▶ **PROBLEM TO WORK ON**:
Please write out the entire listing below exactly, excluding its pictures.

▶ **RAW DATA**:
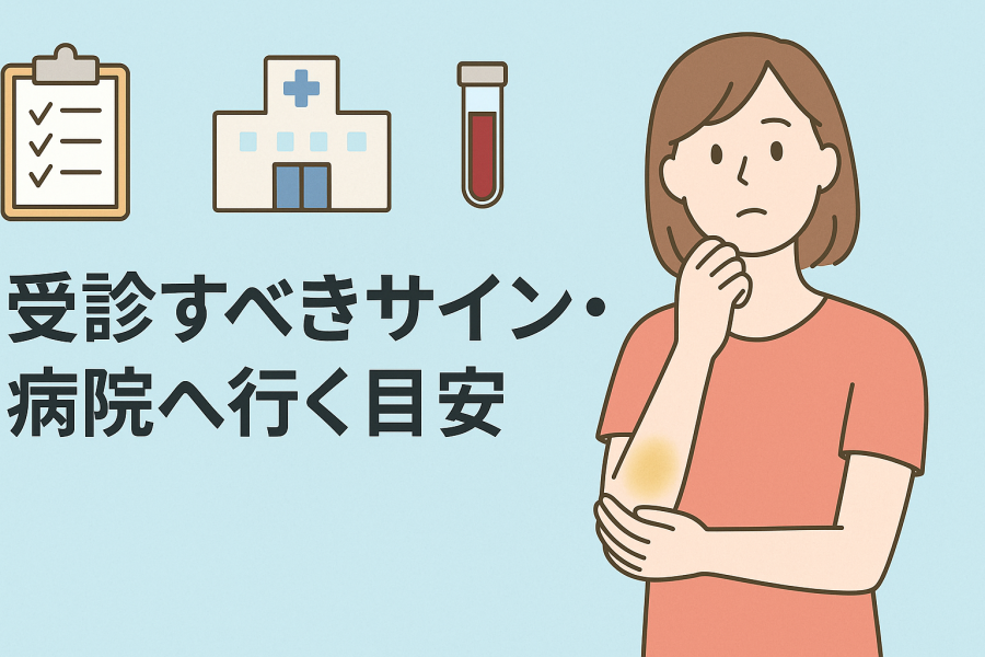 #身に覚えのないあざ #あざが消えない #血液や肝臓のサイン #検査と相談の目安 #皮膚科血液内科
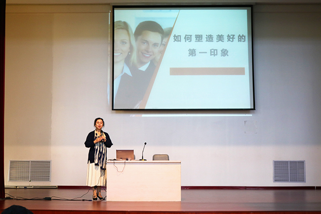 王韶燏以“如何塑造美好的第一印象”为主题,围绕着装礼仪、仪态礼仪、交谈礼仪等方面,从生活情景入手,通过生动有趣的案例和互动,细致讲述了在学习、生活和社交场合待人接物的礼仪与心得。她强调,要以期待他人对待自己的方式来对待身边的每一个人,要严于律己、尊重他人,积极塑造良好的品德修养和礼仪修养,努力做一个风度与学识同在、容貌与气质并存的优秀学生。
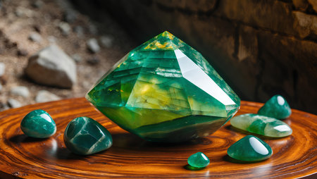 A striking emerald gemstone lies on a wooden desk, beautifully illuminated by warm light. The image captures the gem's clarity and rich green hue, creating a serene atmosphere.

▶ **RESPONSE TO THE TASK**:
 #身に覚えのないあざ #あざが消えない #血液や肝臓のサイン #検査と相談の目安 #皮膚科血液内科
 王韶燏以“如何塑造美好的第一印象”为主题,围绕着装礼仪、仪态礼仪、交谈礼仪等方面,从生活情景入手,通过生动有趣的案例和互动,细致讲述了在学习、生活和社交场合待人接物的礼仪与心得。她强调,要以期待他人对待自己的方式来对待身边的每一个人,要严于律己、尊重他人,积极塑造良好的品德修养和礼仪修养,努力做一个风度与学识同在、容貌与气质并存的优秀学生。
 A striking emerald gemstone lies on a wooden desk, beautifully illuminated by warm light. The image captures the gem's clarity and rich green hue, creating a serene atmosphere.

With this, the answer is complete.